Your task is to copy the listing exactly, with the pictures left out.

[Collected material — start]

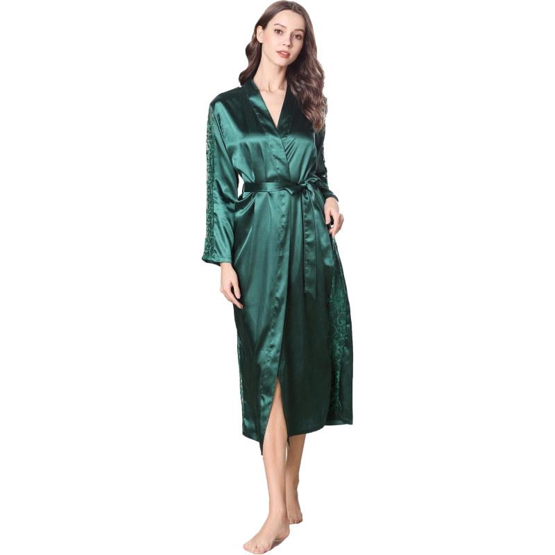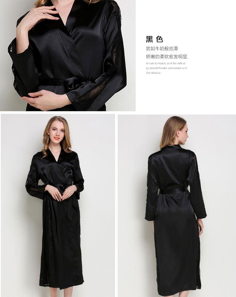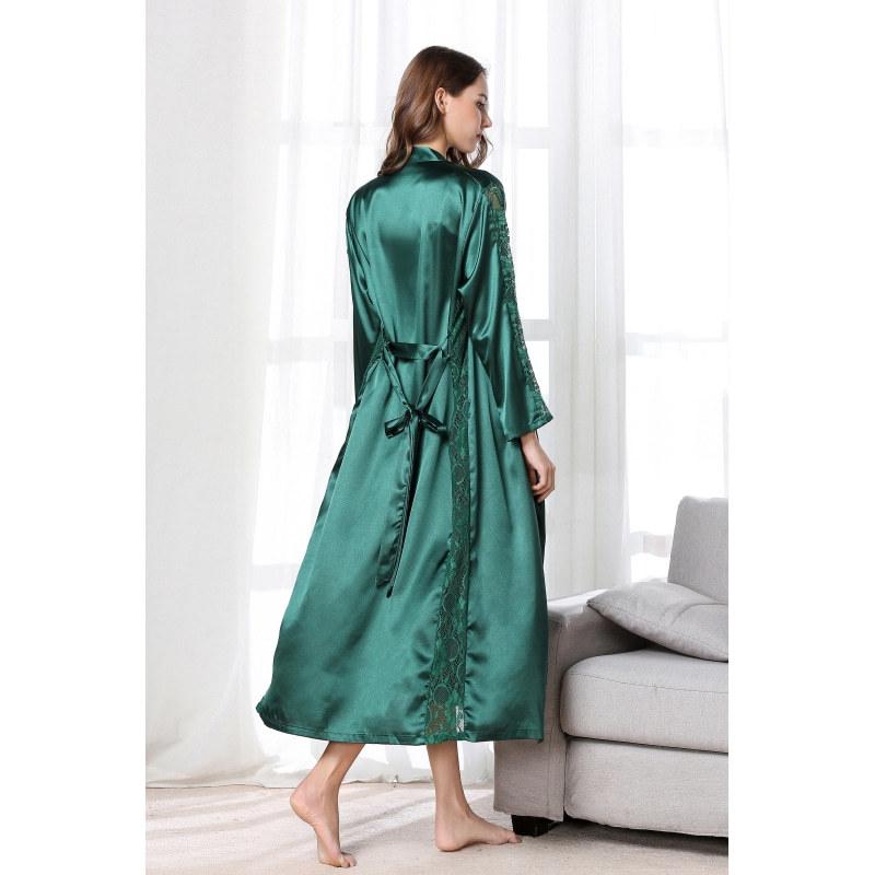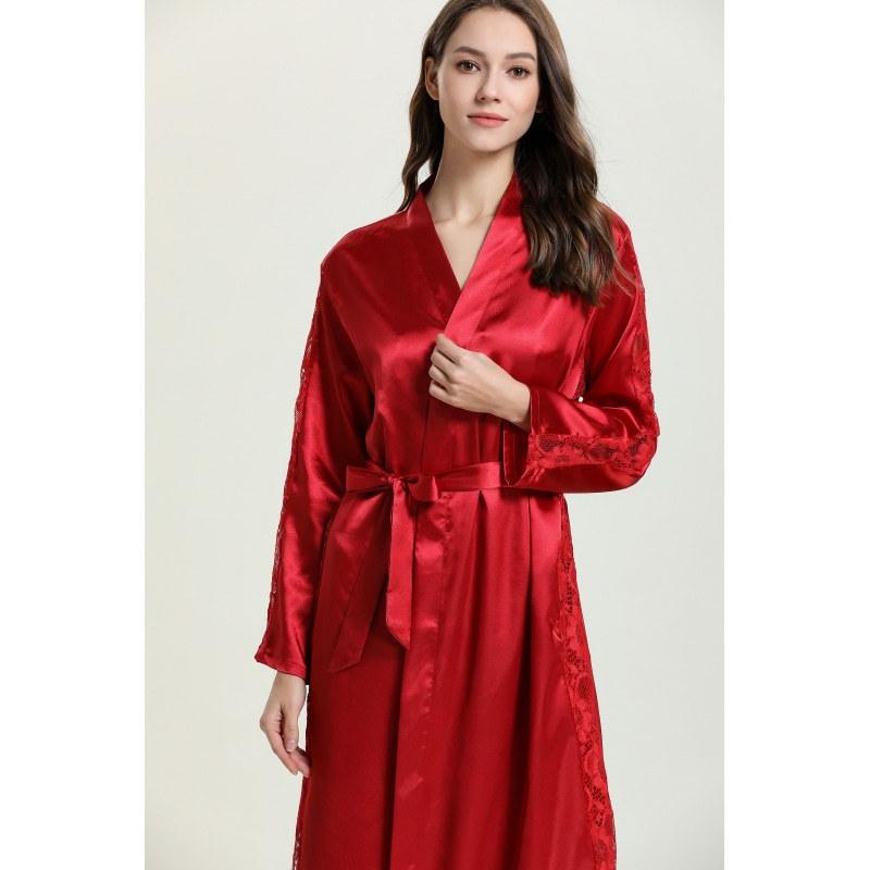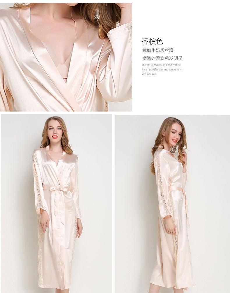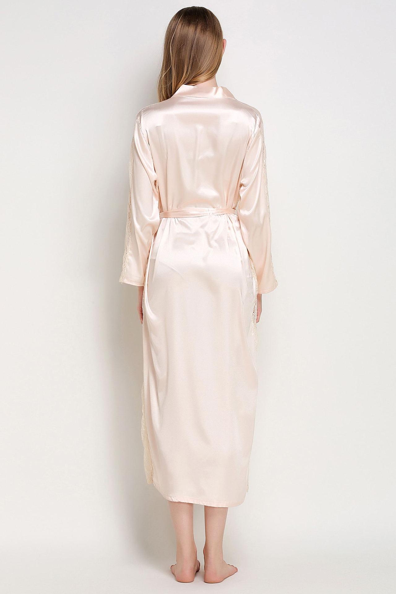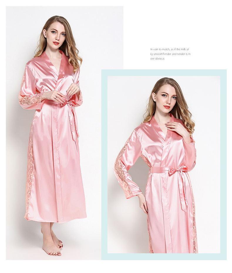 Bata de Encaje para Mujer Delgada de Manga Larga Sexy Bata de Vestir Imitación Seda Color Puro Extralarga Camisón Primavera y Verano
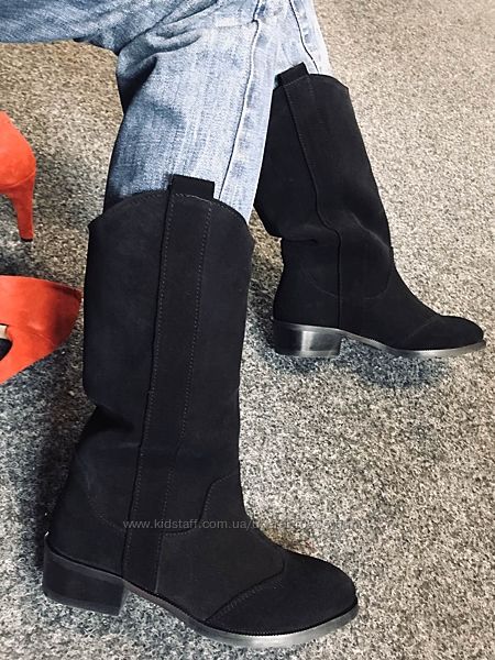 Подробное описание: Распродажа Сапоги Казаки зимние замшевые чёрные кожаные
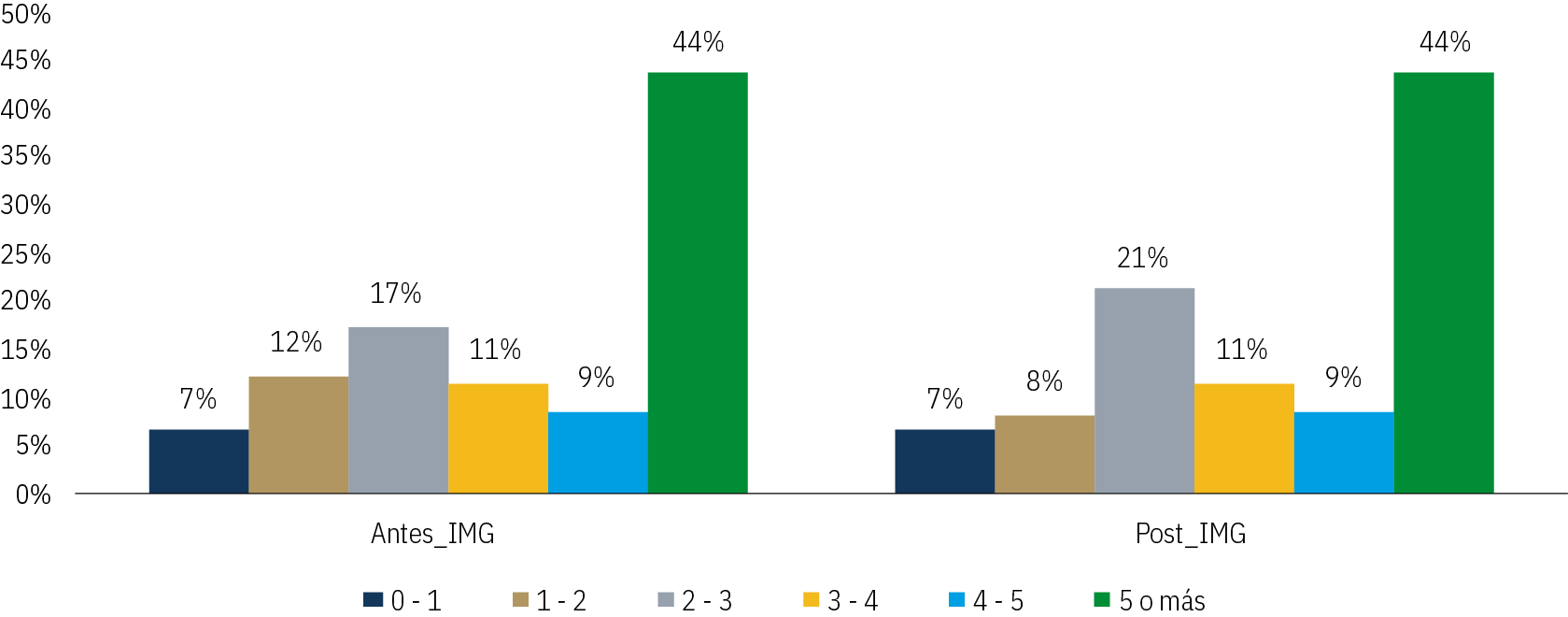 - Como se observa en el Gráfico 12, el principal efecto de la recepción del IMG se ve reflejado en una disminución en los trabajadores que perciben ingresos entre la LP para un hogar de dos y tres personas, pasando desde un 12% a un 8%. Asimismo, se observa un aumento en el total de trabajadores que perciben ingresos entre la LP para un hogar de tres a cuatro personas, desde un 17% a un 21%, producto de la recepción del subsidio.
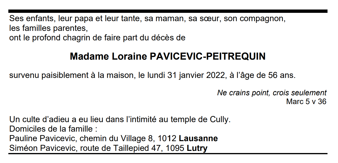 Madame Loraine PAVICEVIC-PEITREQUIN 06 juil. 1965 - 31 jan. 2022 Avis mortuaire PFG Télecharger PDF Partager sur: Galerie PreviousNext PreviousNext

[Collected material — finish]

→ **Exercise result**
 Bata de Encaje para Mujer Delgada de Manga Larga Sexy Bata de Vestir Imitación Seda Color Puro Extralarga Camisón Primavera y Verano
 Подробное описание: Распродажа Сапоги Казаки зимние замшевые чёрные кожаные
 - Como se observa en el Gráfico 12, el principal efecto de la recepción del IMG se ve reflejado en una disminución en los trabajadores que perciben ingresos entre la LP para un hogar de dos y tres personas, pasando desde un 12% a un 8%. Asimismo, se observa un aumento en el total de trabajadores que perciben ingresos entre la LP para un hogar de tres a cuatro personas, desde un 17% a un 21%, producto de la recepción del subsidio.
 Madame Loraine PAVICEVIC-PEITREQUIN 06 juil. 1965 - 31 jan. 2022 Avis mortuaire PFG Télecharger PDF Partager sur: Galerie PreviousNext PreviousNext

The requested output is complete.